Thisistyresome · 14/05/2025 10:00

OK, you have two key questions:
Is it a “norm?” – Yes.
Are you unrealistic to want a “official” relationship before sex – No.

You shouldn’t judge what you are comfortable with based upon what others go along with.

Could it be possible a man may gradually decide to want a relationship out of a “situationship” (as the kids call it)? Well possible but that is not a reason for you to live a way you don’t want too.

There will be men who will meet your requirement of relationship before sex, even if there are fewer of them. If that is what you want then look for those men. If you are clear with him from the start and you aren’t expecting an impossible man in other respects you should not be compromising your values for other people’s norms.

VimesandhisCardboardBoots · 14/05/2025 16:32

I think most men (myself included) don't want to commit to a relationship unless they know they're compatible sexually. Some will be honest about that, whereas some will say whatever they need to in order to have sex.

I can think of at least two people in my 20s who I went out with a number of times and then broke up with after having sex with them. The first we just didn't click at all sexually, we had a few encounters but it was like a comedy of errors, teeth would clash as we kissed, our rhythms would just be completely different from each other. The second was so aggressive in bed that I honestly just didn't fancy a second attempt.

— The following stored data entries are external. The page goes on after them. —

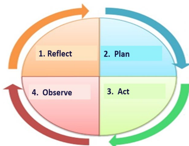
Figure 3 Kemmis & McTaggart Model (1988)

Researchers practiced the constructed model from Kemmis & McTaggart (1988) in order to conduct this study.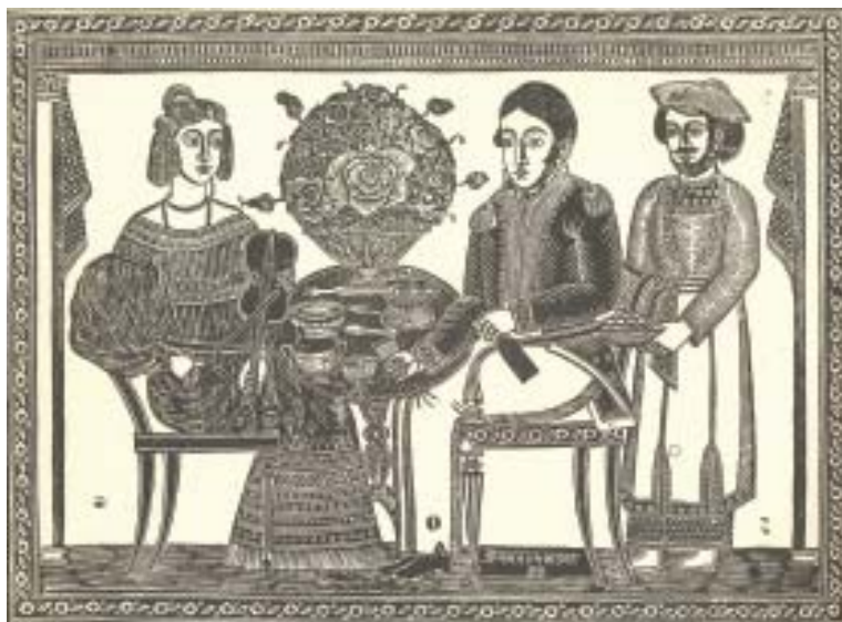
Fig. 21 – A European couple sitting on chairs, nineteenth-century woodcut.

The picture suggests traditional family roles. The Sahib holds a liquor bottle in his hand while the Memsahib plays the violin.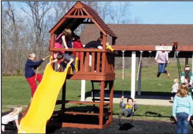
East 2nd graders enjoy new playground equipment purchased with Boxtops for Education collected by the students and staff of the school.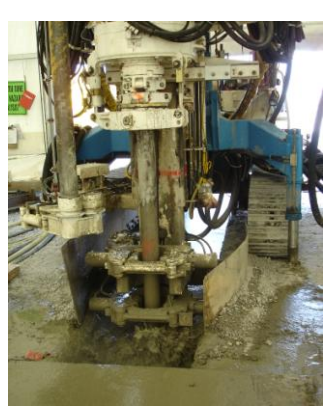
JET GROUTING DETAIL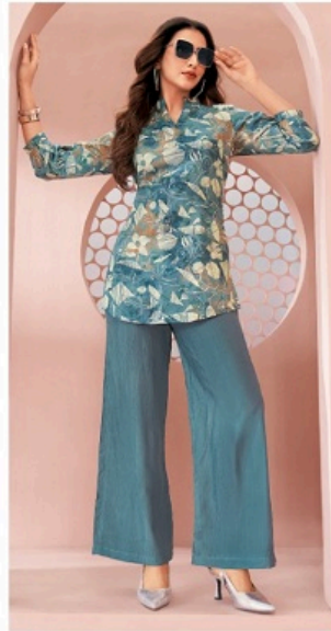
D No. 510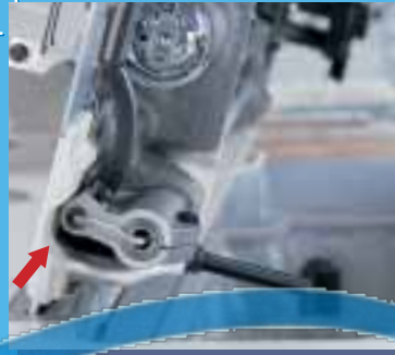
Feed eccentric pin

In addition, the machine is provided with a mounting seat for attachment to improve workability while replacing the attachment and increasing the durability of the machine bed surface.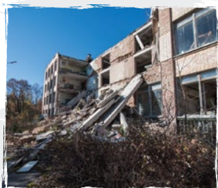
GRAMMAR SCHOOL #1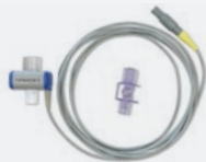
Capnostat® Mainstream CO 2 Probe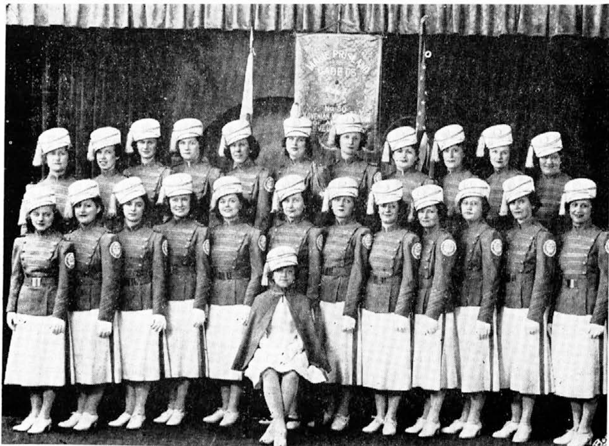
MARIE PRISLAND CADETS, NO. 50, S.W.U., CLEVELAND, OHIO

One of the first outstanding performances was at the fourth regular convention in Milwaukee, Wisconsin in May, 1936. The cadets raised enough money for their fare and also new uniforms which were made of wool serge. It was at this convention that the universal love for drill teams was born, for after this time, the drill teams were being organized all over the jurisdiction of SWU. At this convention the drill team adopted the name of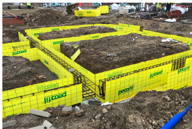
Permanent formwork Pecafile®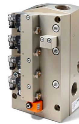
Blowing Block BigBottle TFM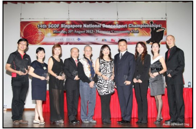
Panel of Adjudicators & Scrutineers

The team (above left) that brought you these Championships were from the SGDF and the Hougang Community Club, both working hand in hand to ensure that nothing was left to chance. To ensure sports safety was observed at all times (above right), a First Aid Kit, an Automated External Defibrillator (AED) was present. In addition all athletes were required to compete Physical Activity Readiness Questionnaire (PAR-Q).

Both of them probably think I was just interested in a shag, and was saying whatever I needed to to get them into bed. That wasn't true, I'd liked both of them a lot, I'd enjoyed the dates we'd had and could see a proper relationship forming. One of them I'd fancied from afar since school!

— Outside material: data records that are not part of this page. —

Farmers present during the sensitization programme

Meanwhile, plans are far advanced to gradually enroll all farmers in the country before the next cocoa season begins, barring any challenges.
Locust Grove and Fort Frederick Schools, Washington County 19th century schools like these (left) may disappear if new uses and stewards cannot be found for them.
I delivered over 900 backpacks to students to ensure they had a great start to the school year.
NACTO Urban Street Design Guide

But I wasn't going to a continue a relationship that didn't work sexually, just because other aspects were good. Following the second one, I learnt to be a lot more careful about using the words boyfriend / girlfriend / relationship, and was honest that I wouldn't put a label on things until we'd had sex. That put some people off, but was probably better than the alternative.

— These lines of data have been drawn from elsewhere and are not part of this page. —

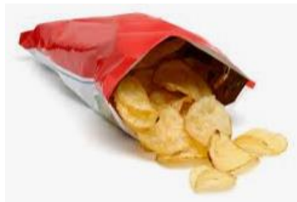
A packet of crisps in case she gets peckish.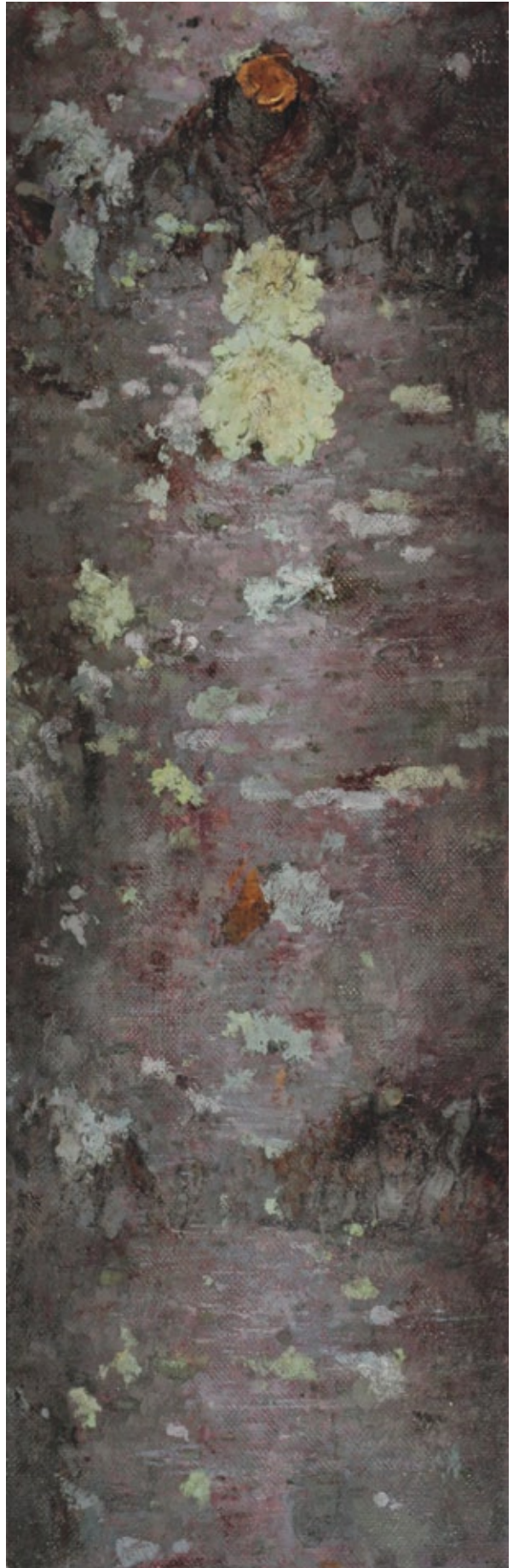
WHITE PINE, OIL ON LINEN, 30 X 9 3/4"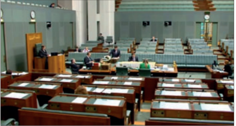
House of Representatives during the 'Debate' on the Stronger Futures Legislation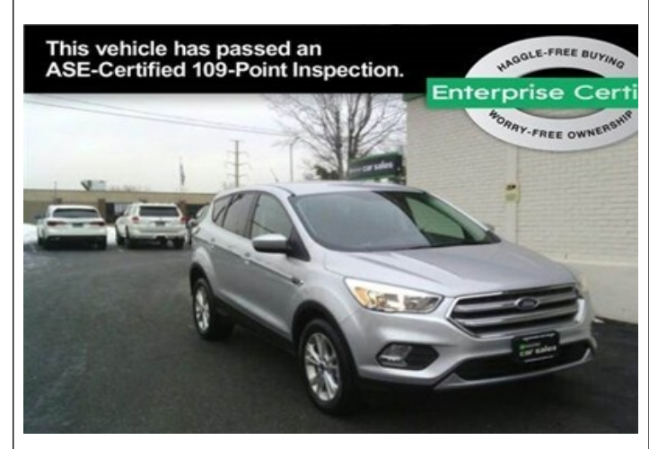
CONTACT BRENDA AT EXT. 23 FOR MORE INFORMATION ON OWNING THIS BEAUTIFUL CAR!

2017 Ford Escape SE Sport Utility 4D www.enterprisecarsales.com for further info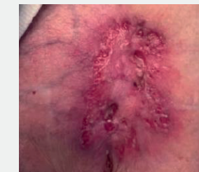
Second degree burn to shoulder area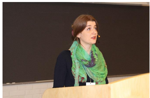
Grete Ellingsen, State Secretary, Ministry of Local Government and Modernization.

The opening line from Grete Ellingsen , State Secretary (Ministry of Local Government and Modernization, Norway), was that the Arctic Ocean is like a treasure box of resources and possibilities. There is a need to use the ocean's treasures in a sustainable way through international cooperation. Norway is an Arctic country, more sea than land, and 80% of its seas are located north of the Arctic Circle. The Arctic Ocean and its resources are very important for Norwegian economic development. Thus the aim of future development is to be among the most creative and sustainable regions in the world. The questions about climate change, emissions and population growth are of great importance to Norway.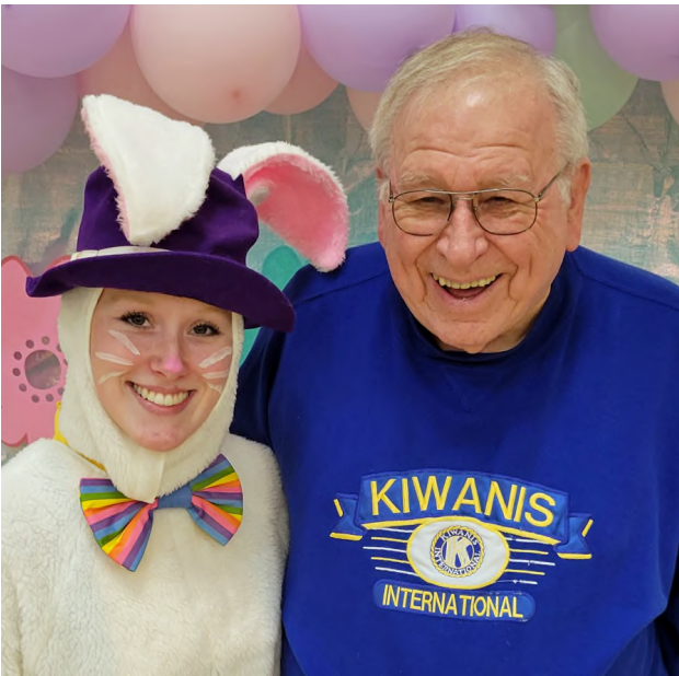
Kiwanis/Park & Rec Easter Egg Hunt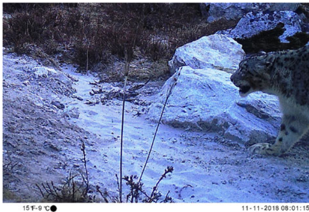
PLATE 1 Snow leopard photo-trapped in Gaurishankar Conservation Area (Fig. 1).

photographs of a snow leopard, the first photographic evidence of the presence of the snow leopard in Lapchi Village and the Lamabagar corridor (Plate 1). Whether this snow leopard was a seasonal visitor or has a permanent home range in the area will require further study. The camera that captured the snow leopard recorded four other mammalian species: musk deer, blue sheep, red fox Vulpes vulpes and bobak marmot Marmota bobak .

Smithey885 · 14/05/2025 17:40

I think the same applies to both sexes if I'm being honest.

From what i've read on MN, especially in the OLD threads, a lot of women want sex before a relationship to ensure they are compatible sexually, just like a man might want the same. This is different to ONS or casual sex, and there needs to be a connection first, I think after dates 3 or 4 is pretty common, there is still some form of emotional connection but not so much that if the sex is shit you'll break each others hearts.

FortyElephants · 14/05/2025 17:55

Personally I would never consider myself in any kind of commitment or relationship with a person I hadn't had sex with. Investing a lot in someone who might not be sexually compatible with me is not something I would ever do. So it's not wrong for men to want/hope for sex before being your official boyfriend, it's not sleazy, it's just not for you. YANBU to want to date however you want but your pool of potential boyfriends will be fairly small.